◆ Excerpted records:
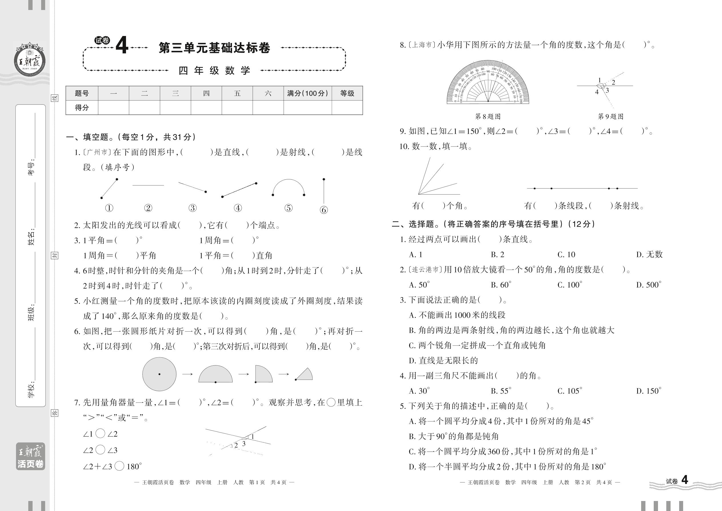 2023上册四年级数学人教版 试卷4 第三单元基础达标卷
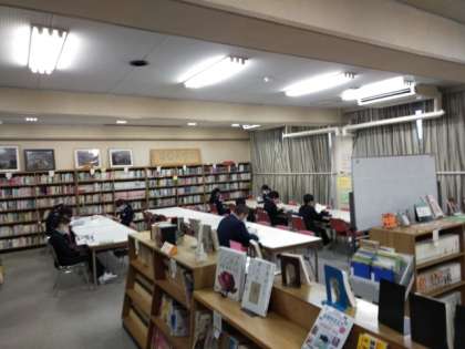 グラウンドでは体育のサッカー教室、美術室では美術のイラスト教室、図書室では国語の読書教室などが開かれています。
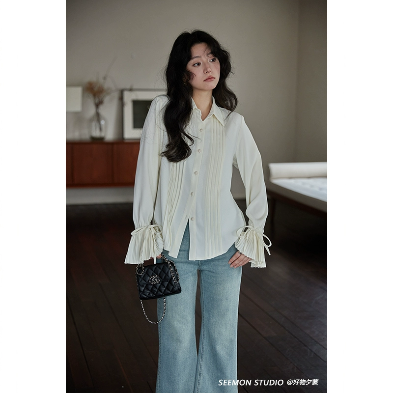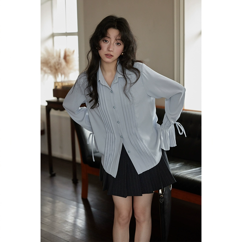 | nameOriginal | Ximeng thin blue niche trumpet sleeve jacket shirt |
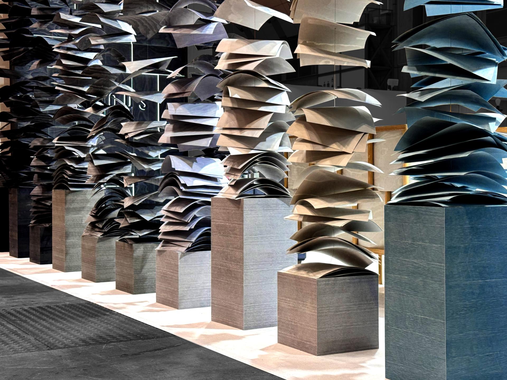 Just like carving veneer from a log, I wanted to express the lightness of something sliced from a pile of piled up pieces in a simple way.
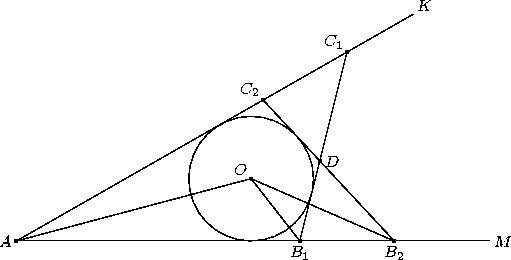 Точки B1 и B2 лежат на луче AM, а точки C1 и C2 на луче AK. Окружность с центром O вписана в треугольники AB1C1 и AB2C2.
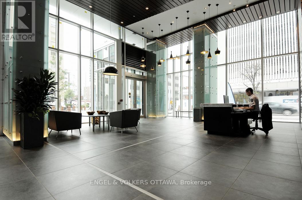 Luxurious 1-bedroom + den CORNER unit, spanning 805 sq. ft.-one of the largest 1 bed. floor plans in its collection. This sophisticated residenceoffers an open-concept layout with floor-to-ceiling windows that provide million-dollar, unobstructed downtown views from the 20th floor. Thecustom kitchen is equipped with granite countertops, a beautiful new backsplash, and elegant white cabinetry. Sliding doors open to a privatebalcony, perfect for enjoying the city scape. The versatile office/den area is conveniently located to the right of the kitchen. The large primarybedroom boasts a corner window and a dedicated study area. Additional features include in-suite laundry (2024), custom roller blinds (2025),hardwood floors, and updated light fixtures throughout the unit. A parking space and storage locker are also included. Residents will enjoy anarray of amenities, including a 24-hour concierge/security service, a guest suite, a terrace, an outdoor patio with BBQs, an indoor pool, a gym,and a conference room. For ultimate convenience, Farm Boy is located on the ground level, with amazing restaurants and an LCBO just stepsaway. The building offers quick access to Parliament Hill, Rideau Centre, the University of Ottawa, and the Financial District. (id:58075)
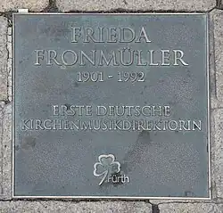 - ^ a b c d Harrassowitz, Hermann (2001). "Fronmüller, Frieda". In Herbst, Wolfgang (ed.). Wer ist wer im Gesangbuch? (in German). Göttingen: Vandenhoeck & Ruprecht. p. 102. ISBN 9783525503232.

--

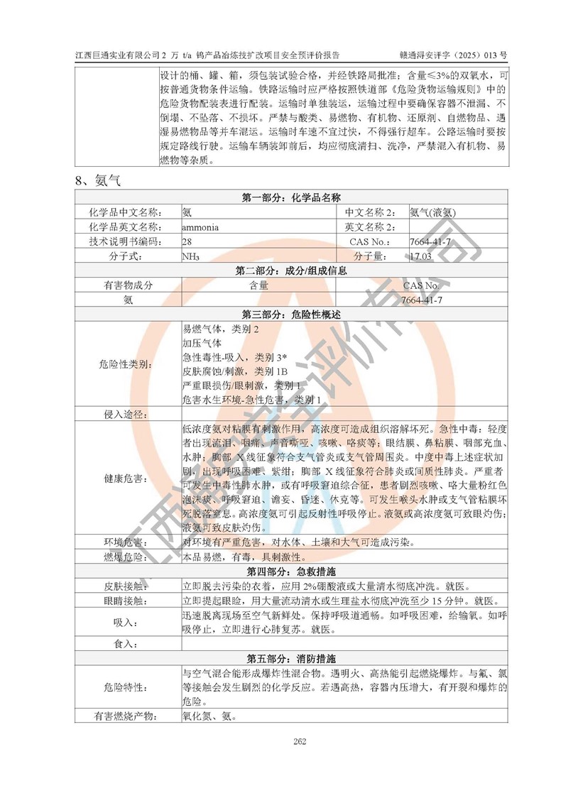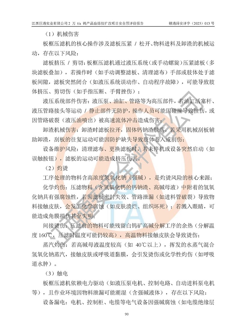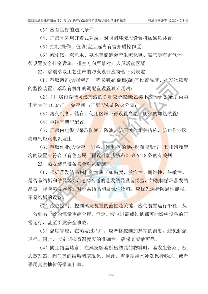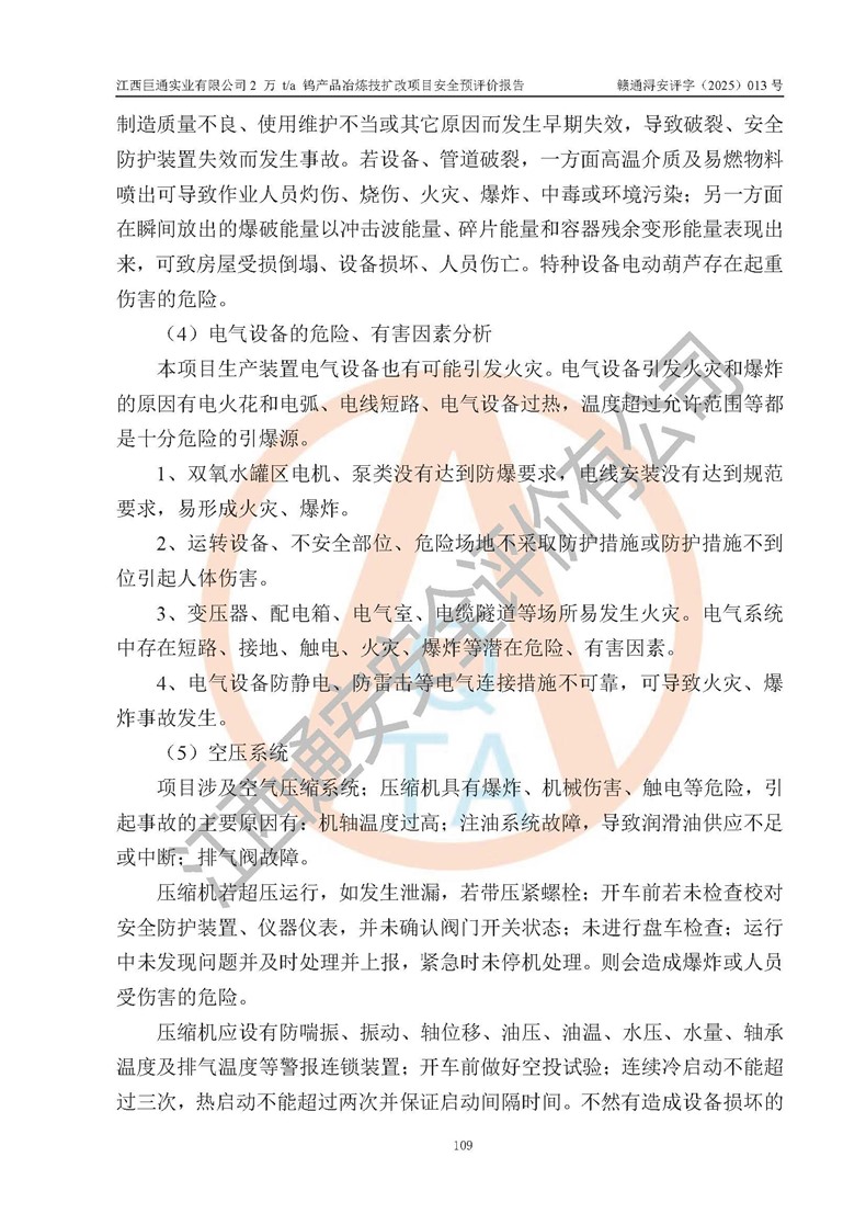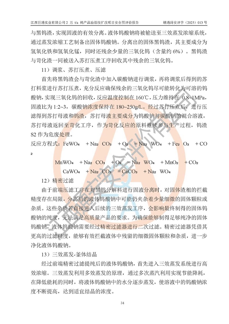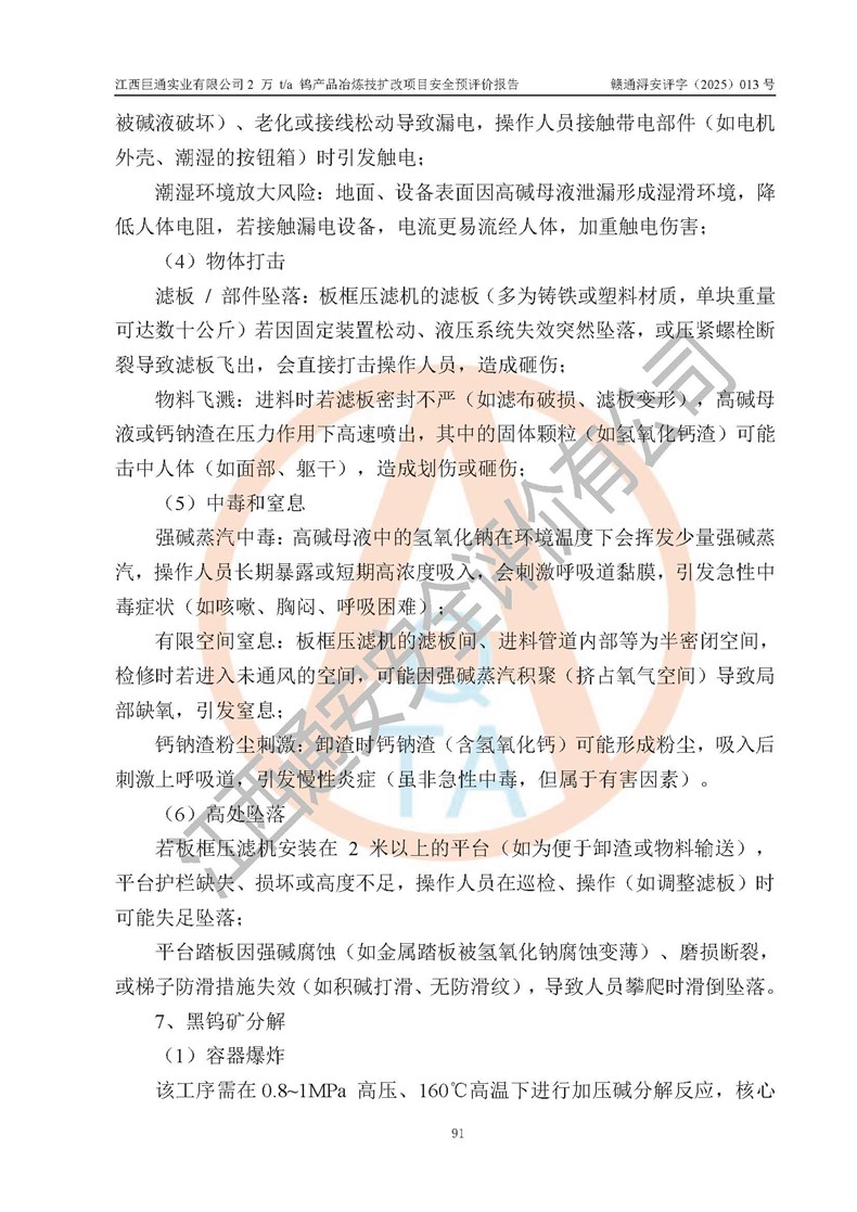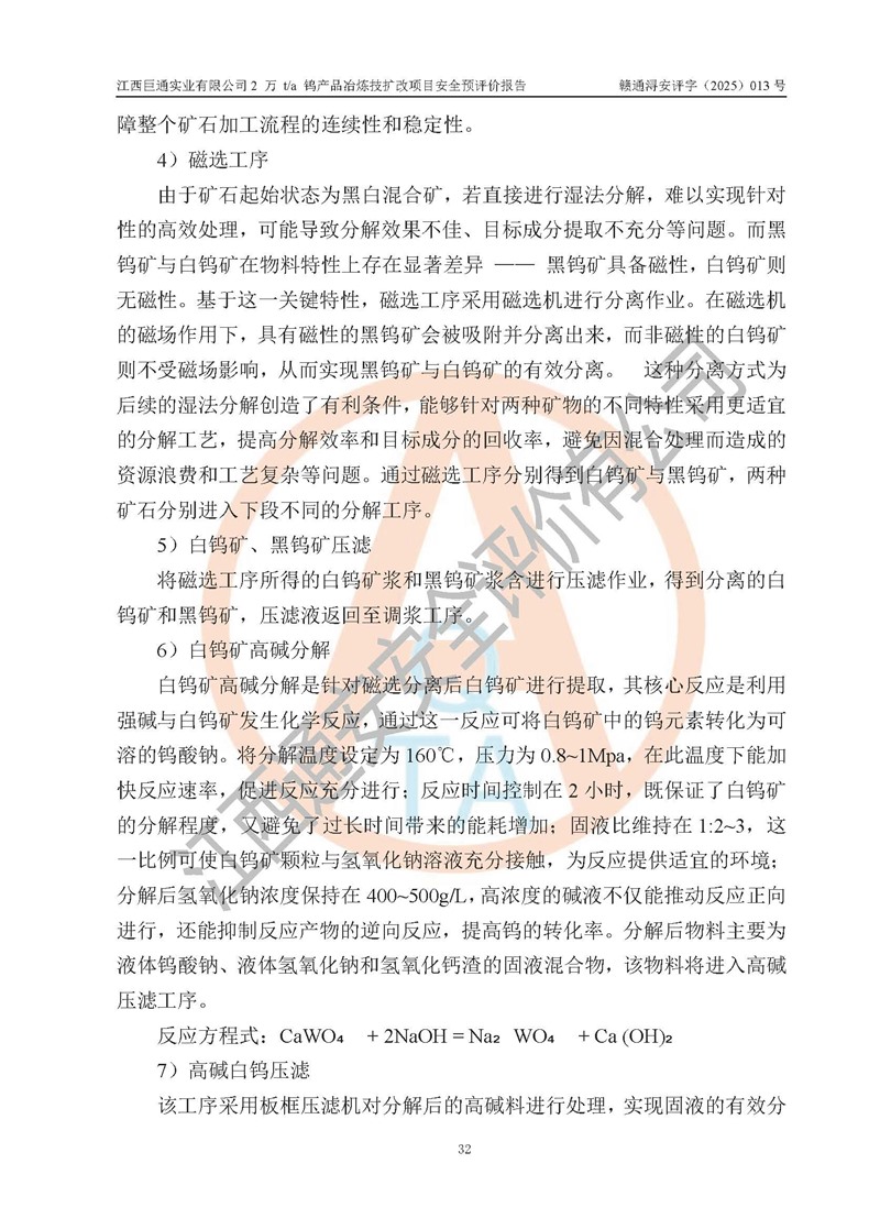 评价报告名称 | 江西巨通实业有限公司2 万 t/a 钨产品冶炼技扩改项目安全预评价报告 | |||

◆ What you should do:
Reproduce exactly the lines above that run from the one with "2023上册四年级数学人教版 试卷4 第三单元基础达标卷" to the one with "Just like carving", both included, leaving pictures out.

◆ Solution:
 2023上册四年级数学人教版 试卷4 第三单元基础达标卷
 グラウンドでは体育のサッカー教室、美術室では美術のイラスト教室、図書室では国語の読書教室などが開かれています。
 | nameOriginal | Ximeng thin blue niche trumpet sleeve jacket shirt |
 Just like carving veneer from a log, I wanted to express the lightness of something sliced from a pile of piled up pieces in a simple way.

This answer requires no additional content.